Based on a standard JSON document the difference between a Relational database and a JSON Document
Document – Table Row
Properties – Table Column
Collections — Table
JSON is Denormalized — Tables are Normalized
JSON is Schemaless(ish) – Tables has enforced schema
JSOn has No RI – Tables have Referential Integrity
NoSQL JSON Store
I use the phrase JSON dumping ground, but that is not really accurate, it is a JSON document store, no other format of data is supported. While it does support SQL-API, Table-API, Mogno, Cassandra and Gremlin, everything is stored in JSON. This does not necessarily mean that the APIs are necessarily interoperable with each other. For instance, if you wake up one day and want to use Graph on your standard SQL -API sotred JSON data you may have a problem if you your JSON is not already compliant with the GraphSON format. That means your JSON has vertices, edges, and properties, this is how the graph relationships are formed. In a case I am looking at right now, I will need to take the data that I do have and determine the common relationships and create a new Collection.
What else is there? Well, generically in the NOSql space, MongoDB, Couchbase, NeoJ4, Google Bigtable and few others, you can read the link to learn more…
Stored Procedures, Triggers and UDFs are not what you think
On the other hand, stored procedures behave the way you think, they take parameters and execute but they can only execute are scoped to with in the collection and only with in the scope of the logical partition key they are executed against.
There is NO Relational Join
While the SQL ANSI JOIN keyword is supported it is only designed to join a JSON doc to itself, not another JSON doc. Nothing more I can say about that….
How to get my data into Cosmos
Getting data in is actually relatively easy. You can write an app using the Azure Cosmos DB .Net SDK, use Azure data factory, use the Data Migration Tool for Cosmos, Azure Logic Apps, (but don’t forget to manually add an ID to the Cosmos sink)
Partitioning is a religious and political argument rolled into one. Unless you have made a career out of understanding how each database platform performs at scale with specific data you will need to test every variation based on the queries coming in especially with Cosmos.
Cosmos Partitioning is not like SQL Server mostly because the stakes are different, getting this wrong will cause huge performance implications and cost that will rack up fast. In some cases, it has been recommended to create multiple collections with the exact same data partitioned differently to not only solve performance problems but reduce cost. Don’t assume a single collection can respond to all queries, you have to use the change feed to keep more than one collection in sync to satisfy queries. Be careful though, you have now entered a world where there may no longer be one source of truth if things go wacky…
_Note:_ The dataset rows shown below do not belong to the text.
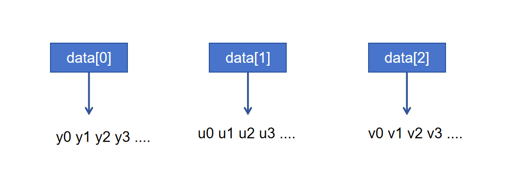 特点:Y、U、V三个分量分别存储在三个独立的平面。
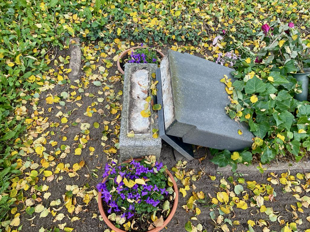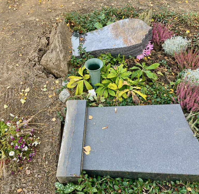 Was die Täter sicher am meisten ärgert: Die Toten kümmert das nicht die Bohne, denen ist es wurscht. Ich selbst habe für meine Lieben einen liegenden Stein gewählt. Was schon liegt, kann nicht fallen. Überdies hat man seine Angehörigen im Herzen.
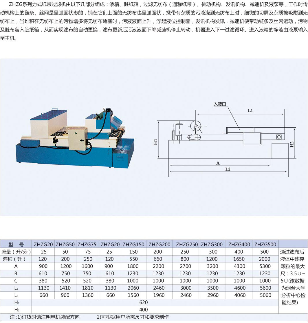 紙帶過濾機是依靠液體自身的重力透過濾布,隔離雜物,從而達到凈化液體目的。傳動機構的鏈條、絲網形成一定的液池深度,濾布鋪在鏈條、絲網上。工作時攜有雜質的污液通過水流緩沖裝置流到無紡布上時,雜質被濾布隔離形成濾餅,濾餅越來越厚,污液液面上升,浮起液位控制器發訊,減速機啟動,拖動濾布,污物及臟布落入臟紙箱,從而實現濾布的自動更換;濾布更新后污液液面下降,減速機停止轉動,機器進入下一步過濾循環。過濾后的純凈液體由液泵輸送至主機。
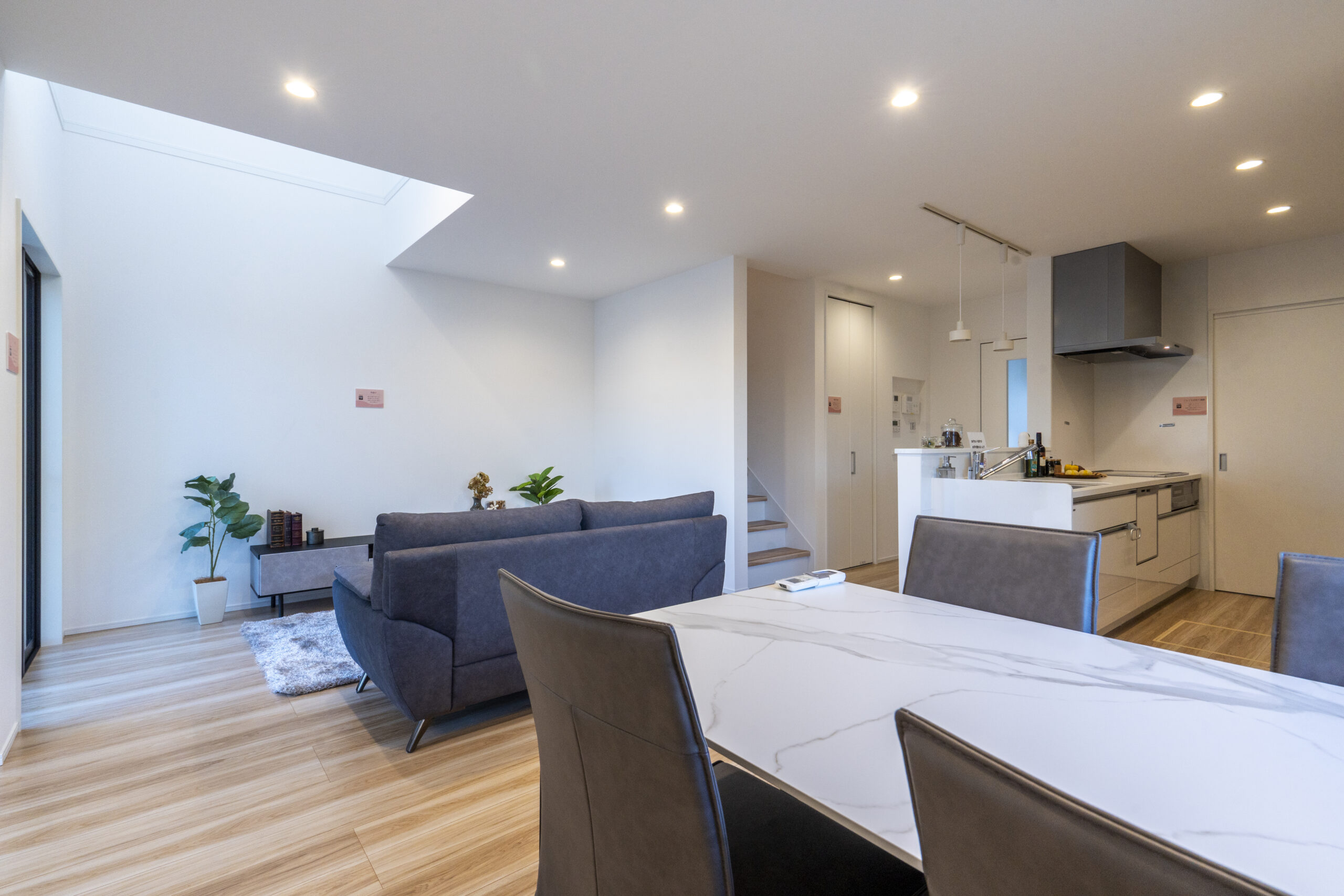 吹き抜けがあるおかげで光がよく通り、家族が集まるLDKを暖かく照らします。
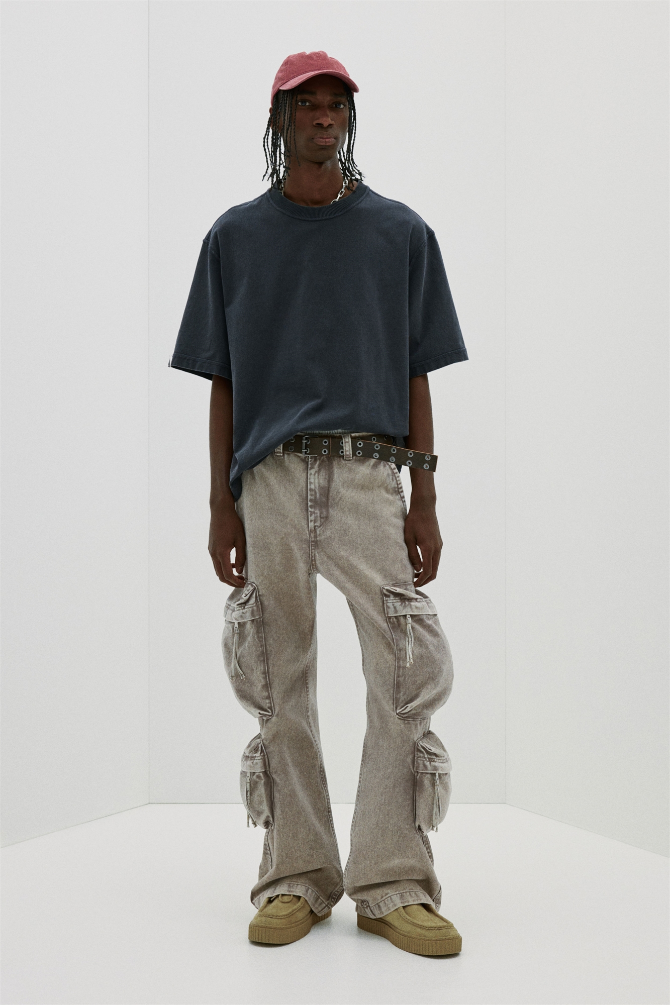 Брюки-карго из хлопковой саржи с ширинкой на молнии и пуговице, диагональными боковыми карманами и накладными задними карманами. Расклешенные ноги с четырьмя накладными карманами на молнии. Регулярный крой для комфортной носки.

Logical Partitions are capped at a maximum of 10gb and based on the partition key you have chosen. If you reach 10gb it is your problem to solve, cosmos will throw errors to indicate the logical partition is full.
Physical partitions are a bit trickier, you have no control over these but in an odd way the larger the collection and the larger the logical partition, the more they can affect performance. Many logical partitions can be inside one physical partition and all the RUs are allocated to that one physical partition. Let’s imagine you have 2 logical partitions which will start off in one physical partition, and as both logical partitions grow and approach 5gb which means that the cumulative size of the physical will be approaching 10gb. This is the point that Cosmos will split the physical partition into 2 physical partitions, one for each logical, when this happens it will also split the RUs. Um, what? If you have a 1000 RU collection, and 2 physical partitions, these RUs will be divided evenly among the physical partitions. This means that you will have 500 RUs allocated to each physical, as you can imagine this could cause a performance problem if you have a hot partition.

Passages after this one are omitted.